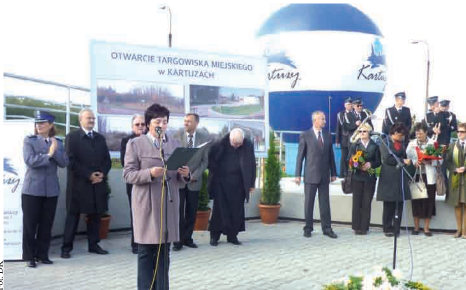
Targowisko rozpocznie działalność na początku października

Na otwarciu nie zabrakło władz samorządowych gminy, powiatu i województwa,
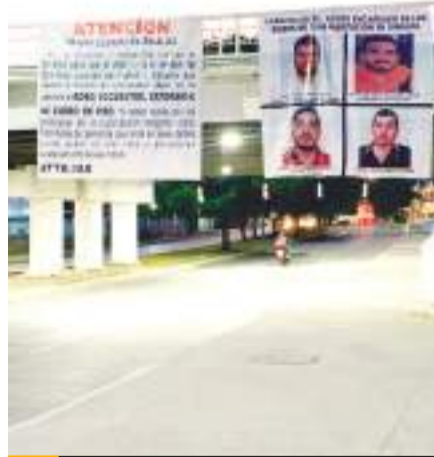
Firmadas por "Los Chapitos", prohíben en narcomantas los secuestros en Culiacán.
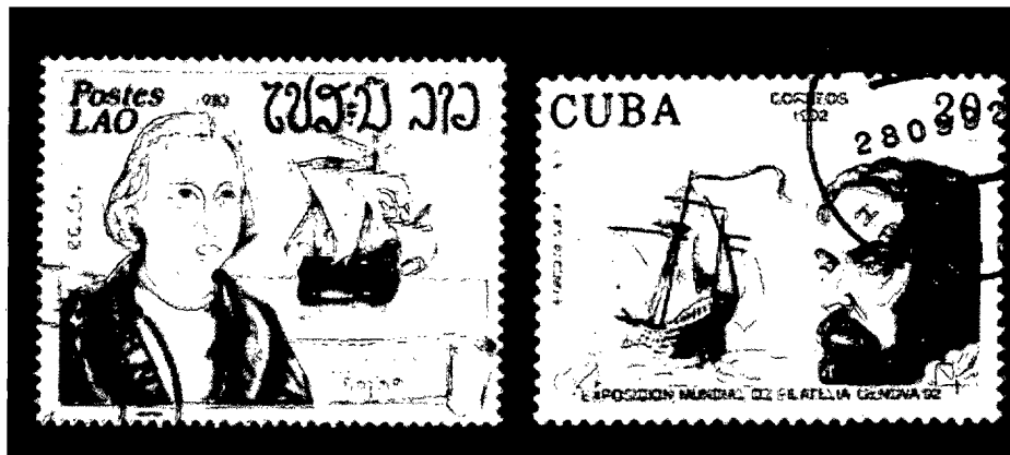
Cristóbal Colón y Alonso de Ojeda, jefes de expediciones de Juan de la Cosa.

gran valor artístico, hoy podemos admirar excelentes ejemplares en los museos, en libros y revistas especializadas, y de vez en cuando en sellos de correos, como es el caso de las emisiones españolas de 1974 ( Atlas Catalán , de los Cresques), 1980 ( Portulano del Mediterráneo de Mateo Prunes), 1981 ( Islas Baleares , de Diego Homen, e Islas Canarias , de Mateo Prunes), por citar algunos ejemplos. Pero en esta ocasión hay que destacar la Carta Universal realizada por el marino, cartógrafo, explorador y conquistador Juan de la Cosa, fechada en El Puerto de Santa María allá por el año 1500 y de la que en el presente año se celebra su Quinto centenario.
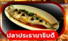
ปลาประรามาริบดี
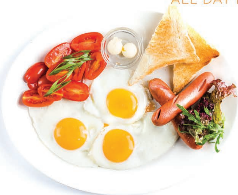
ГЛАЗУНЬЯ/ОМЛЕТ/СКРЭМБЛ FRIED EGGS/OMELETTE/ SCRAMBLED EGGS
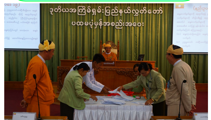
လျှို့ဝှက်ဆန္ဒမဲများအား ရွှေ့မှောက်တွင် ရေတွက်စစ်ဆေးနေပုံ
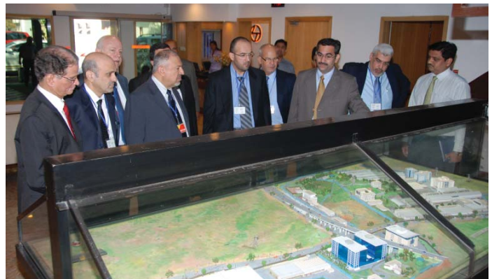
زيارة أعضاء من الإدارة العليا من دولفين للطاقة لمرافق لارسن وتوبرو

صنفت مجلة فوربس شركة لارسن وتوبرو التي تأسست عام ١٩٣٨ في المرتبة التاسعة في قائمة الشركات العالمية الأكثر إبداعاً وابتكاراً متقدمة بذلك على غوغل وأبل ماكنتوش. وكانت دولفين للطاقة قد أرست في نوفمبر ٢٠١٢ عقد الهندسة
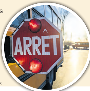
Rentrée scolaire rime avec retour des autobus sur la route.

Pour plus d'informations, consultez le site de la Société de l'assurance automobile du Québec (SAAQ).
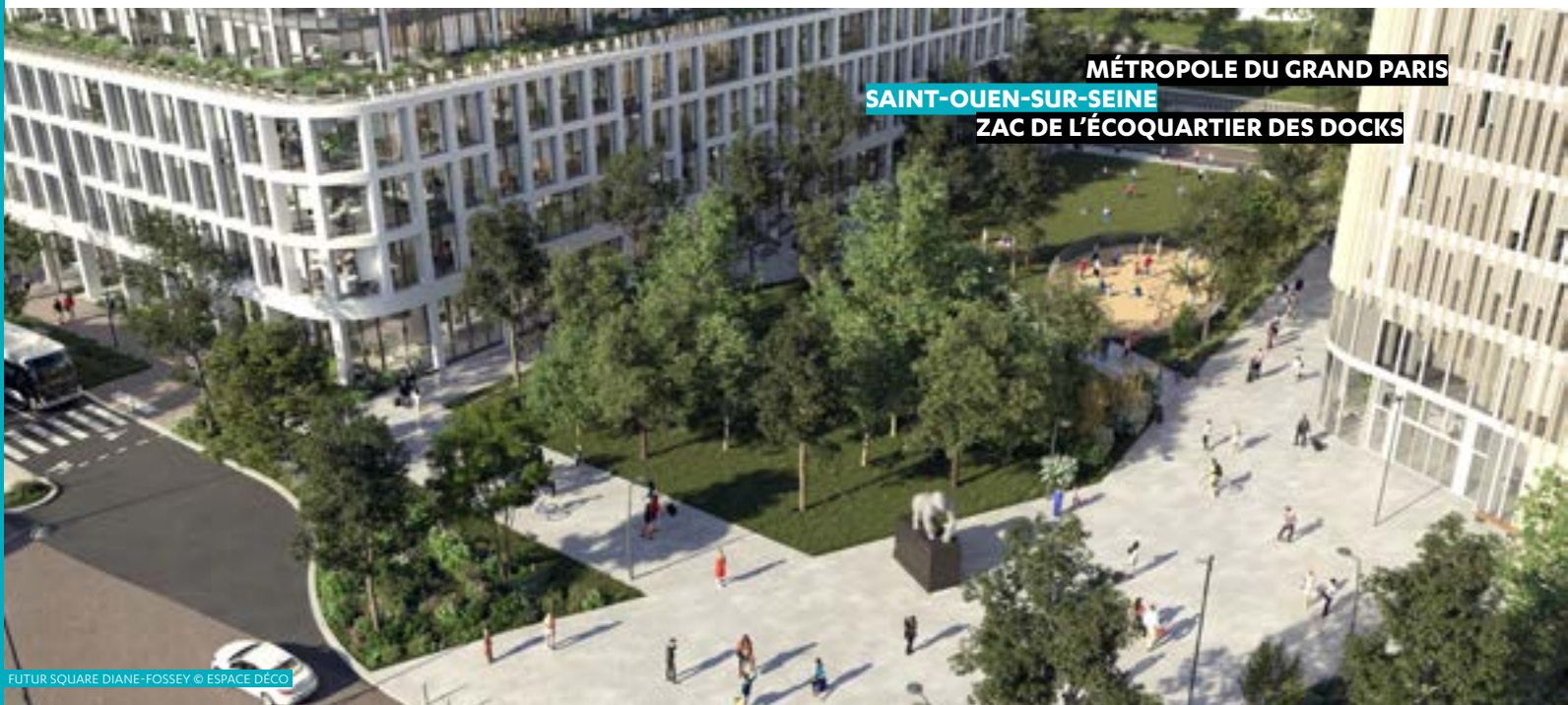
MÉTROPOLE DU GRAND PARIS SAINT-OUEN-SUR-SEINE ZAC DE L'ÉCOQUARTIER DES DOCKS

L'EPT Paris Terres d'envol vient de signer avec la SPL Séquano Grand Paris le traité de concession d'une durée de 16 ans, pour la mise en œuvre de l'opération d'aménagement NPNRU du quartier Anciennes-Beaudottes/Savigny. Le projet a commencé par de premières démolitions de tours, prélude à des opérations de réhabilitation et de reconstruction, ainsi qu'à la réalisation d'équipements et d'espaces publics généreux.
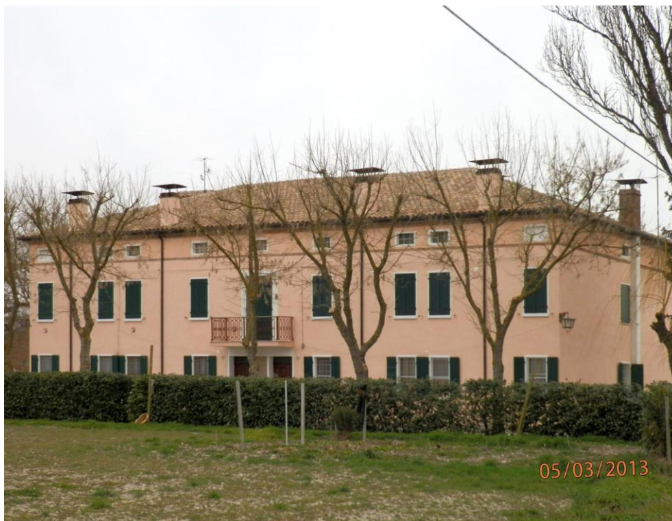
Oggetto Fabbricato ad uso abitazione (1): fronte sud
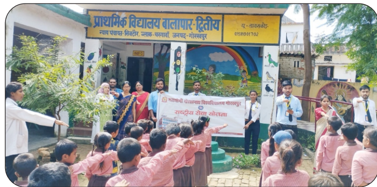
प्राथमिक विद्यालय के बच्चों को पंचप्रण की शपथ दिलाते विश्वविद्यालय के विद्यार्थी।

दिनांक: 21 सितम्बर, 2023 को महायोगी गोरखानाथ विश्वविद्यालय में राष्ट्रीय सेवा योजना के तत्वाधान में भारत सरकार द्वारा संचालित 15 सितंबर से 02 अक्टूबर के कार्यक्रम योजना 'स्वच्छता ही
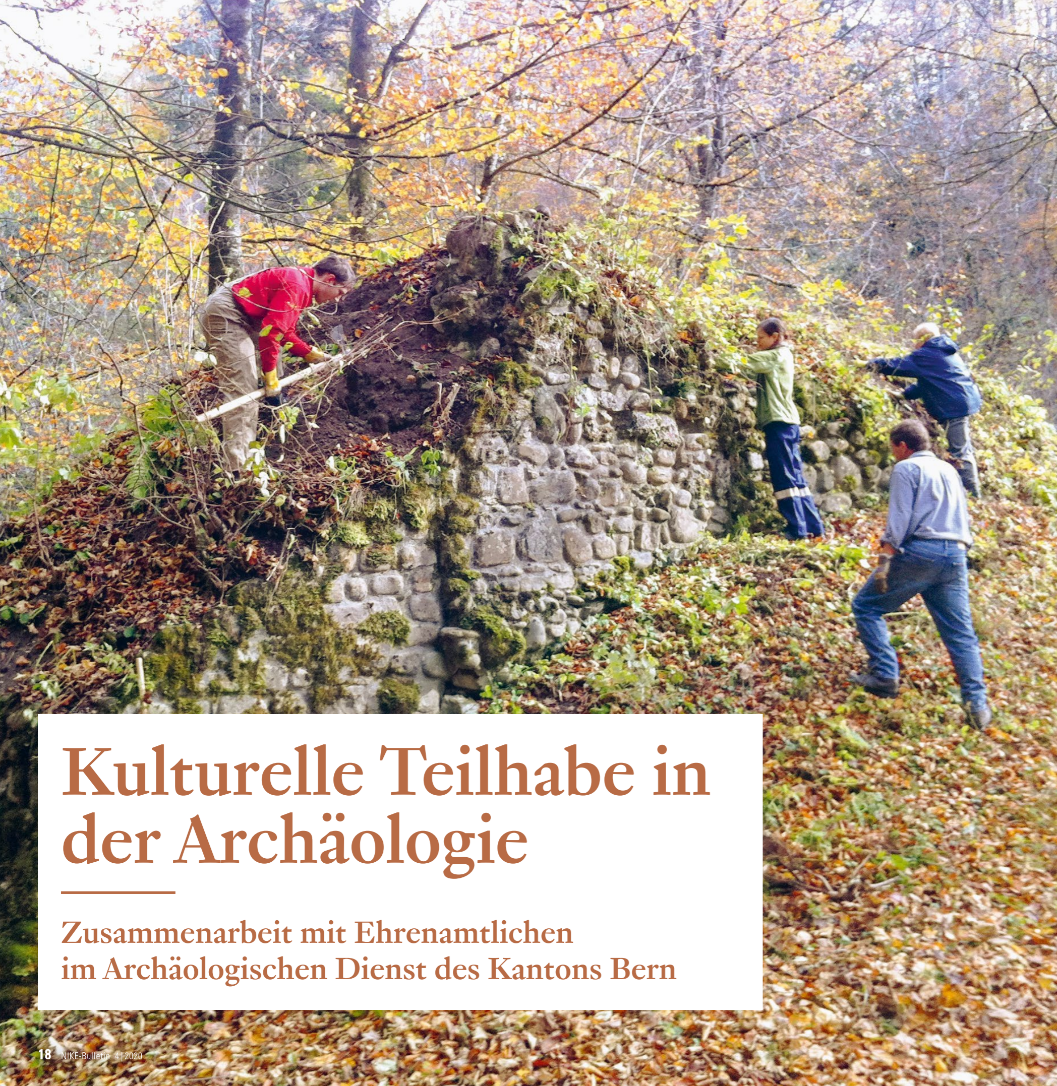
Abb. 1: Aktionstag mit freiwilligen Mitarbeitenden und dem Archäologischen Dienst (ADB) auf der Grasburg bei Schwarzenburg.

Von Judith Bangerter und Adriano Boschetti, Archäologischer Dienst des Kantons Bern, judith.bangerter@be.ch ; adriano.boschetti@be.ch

____________

-- Task --
Please repeat the lines of the material above exactly, starting with the line that contains "Na otwarciu nie" and ending with the line that contains "Oggetto Fabbricato ad". Leave the pictures out.

-- Task result --
Na otwarciu nie zabrakło władz samorządowych gminy, powiatu i województwa,
Firmadas por "Los Chapitos", prohíben en narcomantas los secuestros en Culiacán.
Cristóbal Colón y Alonso de Ojeda, jefes de expediciones de Juan de la Cosa.

gran valor artístico, hoy podemos admirar excelentes ejemplares en los museos, en libros y revistas especializadas, y de vez en cuando en sellos de correos, como es el caso de las emisiones españolas de 1974 ( Atlas Catalán , de los Cresques), 1980 ( Portulano del Mediterráneo de Mateo Prunes), 1981 ( Islas Baleares , de Diego Homen, e Islas Canarias , de Mateo Prunes), por citar algunos ejemplos. Pero en esta ocasión hay que destacar la Carta Universal realizada por el marino, cartógrafo, explorador y conquistador Juan de la Cosa, fechada en El Puerto de Santa María allá por el año 1500 y de la que en el presente año se celebra su Quinto centenario.
ปลาประรามาริบดี
ГЛАЗУНЬЯ/ОМЛЕТ/СКРЭМБЛ FRIED EGGS/OMELETTE/ SCRAMBLED EGGS
လျှို့ဝှက်ဆန္ဒမဲများအား ရွှေ့မှောက်တွင် ရေတွက်စစ်ဆေးနေပုံ
زيارة أعضاء من الإدارة العليا من دولفين للطاقة لمرافق لارسن وتوبرو

صنفت مجلة فوربس شركة لارسن وتوبرو التي تأسست عام ١٩٣٨ في المرتبة التاسعة في قائمة الشركات العالمية الأكثر إبداعاً وابتكاراً متقدمة بذلك على غوغل وأبل ماكنتوش. وكانت دولفين للطاقة قد أرست في نوفمبر ٢٠١٢ عقد الهندسة
Rentrée scolaire rime avec retour des autobus sur la route.

Pour plus d'informations, consultez le site de la Société de l'assurance automobile du Québec (SAAQ).
MÉTROPOLE DU GRAND PARIS SAINT-OUEN-SUR-SEINE ZAC DE L'ÉCOQUARTIER DES DOCKS

L'EPT Paris Terres d'envol vient de signer avec la SPL Séquano Grand Paris le traité de concession d'une durée de 16 ans, pour la mise en œuvre de l'opération d'aménagement NPNRU du quartier Anciennes-Beaudottes/Savigny. Le projet a commencé par de premières démolitions de tours, prélude à des opérations de réhabilitation et de reconstruction, ainsi qu'à la réalisation d'équipements et d'espaces publics généreux.
Oggetto Fabbricato ad uso abitazione (1): fronte sud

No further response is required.